So, it's a combination of those things, just kind of backing up, TrueLok Hex, Brazil, and I think we're going to sort some things out in Italy where they went to an automated - to an electronic order system country wide that delayed a lot of orders and things and some things in the UK, but a lot of opportunity there everywhere we look.
And I don't see huge headwinds, other than the timing of cash collections..
With regards to that, John, this is Doug. I just want to point out one thing and emphasize one thing that I pointed out in my script with regards to the choppiness with the cash-based revenue accounting that we're faced with. We certainly knew Q1 was low.
And so, what we'd like to disclose to everybody going forward is, looking at our revenue on a trailing 12 basis, which was 2.7% as of the end of June, we feel like that's a better indicator kind of on a long term basis..
We will take our next question from Imran Safar with Jefferies..
I wanted to first ask about the gross margin. Obviously, another strong performance there in the quarter, and I look at the full-year gross margin guidance in that context.
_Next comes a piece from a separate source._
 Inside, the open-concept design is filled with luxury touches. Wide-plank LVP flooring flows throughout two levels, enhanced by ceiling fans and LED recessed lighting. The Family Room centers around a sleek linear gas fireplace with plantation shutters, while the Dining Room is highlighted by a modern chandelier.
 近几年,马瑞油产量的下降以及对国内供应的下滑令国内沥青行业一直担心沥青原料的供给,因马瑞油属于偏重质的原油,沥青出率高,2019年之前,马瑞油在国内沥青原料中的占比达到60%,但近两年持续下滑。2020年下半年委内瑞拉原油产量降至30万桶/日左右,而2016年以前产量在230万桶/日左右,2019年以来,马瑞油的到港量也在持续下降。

I think you said 76% to 78%. The [indiscernible] suggests that the low end would require a huge step down in the back half.
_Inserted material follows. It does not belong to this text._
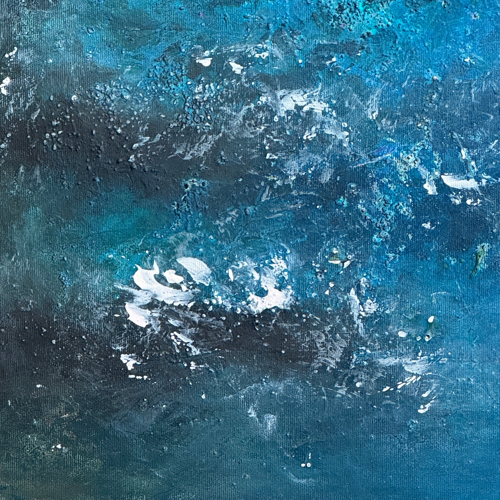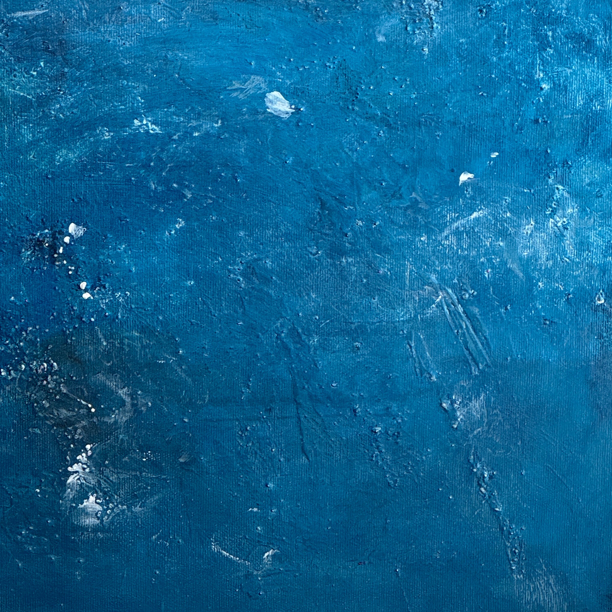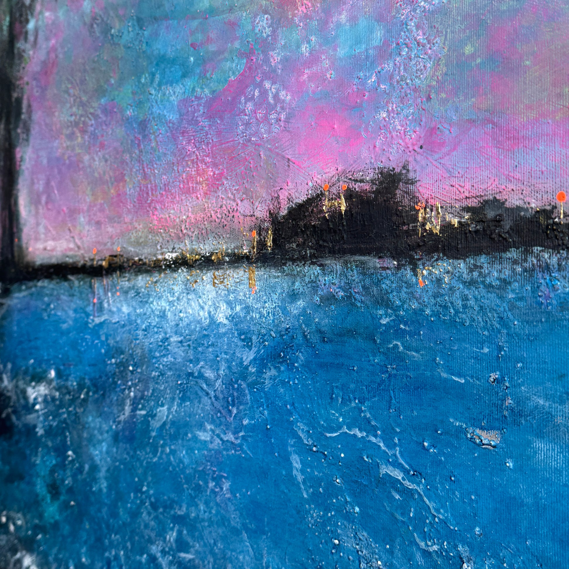 Ein Meisterwerk der Stille und Sehnsucht. Die tiefen Blautöne verschmelzen mit schimmernden Nuancen von Rosa und Türkis zu einem faszinierenden Spiel aus Licht und Schatten.

What would precipitate that? Is it currency? Is it just mix? Any commentary on that would be helpful..
So, as Brad indicated in his script and me to a lesser extent, the spread this quarter was certainly impacted by FX.
It was also a favorable mix, as we had a heavier mix towards our regenerative higher-margin businesses, and then - but we would expect that cost of goods to tick down - I'm sorry, the margin to tick down slightly over the course of the second half of the year as the investment in our metals businesses, spine fix and ex fix, both pick up.
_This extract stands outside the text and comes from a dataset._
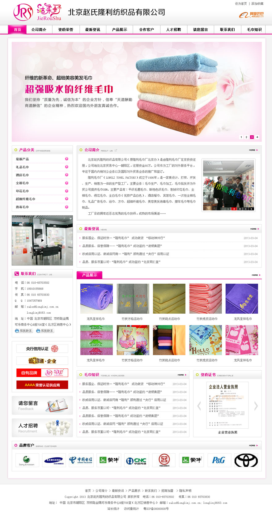 北京趙氏隆利紡織品有限公司(原隆利毛巾廠北京辦)是由隆利毛巾廠在京投資注冊,公司地處北京貿(mào)易中心--朝陽區(qū),注冊資金80萬。公司作為工廠的對外服務(wù)平臺,專注于國內(nèi)內(nèi)銷對公業(yè)務(wù)以及國際對外貿(mào)易業(yè)務(wù)的推廣和簽訂。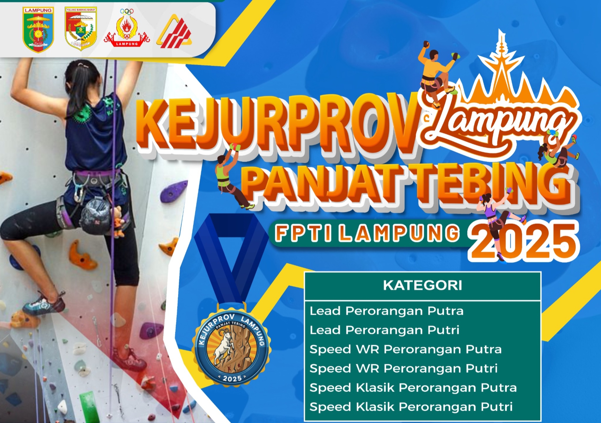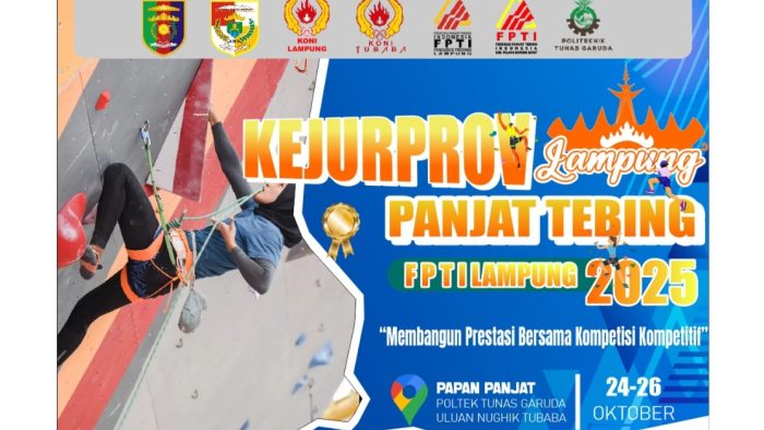 Bandar Lampung, (Metropolis) – Federasi Panjat Tebing Indonesia (FPTI) Pengprov Lampung akan mengadakan Kejurprov 2025 pada tanggal 24-26 Oktober 2025 di Tulangbawang .

And I think that is the main driver in the change in margins for the back half of the year..
Okay. And then just kind of revisiting your 20% EBITDA margin target, and I think you've been pretty nebulous in the past on the timelines there.
Is there any reason to think that you can't get to that level sort of mid or in the back half of next year just based on where the recent trends have gone for you guys?.
Yes, Imran, I'm still going to be nebulous about the timing. Sorry about that. We've had what I consider a good quarter. We need - I'd like to see a few more of those before we commit to any sort of timing on that, to tell you the truth..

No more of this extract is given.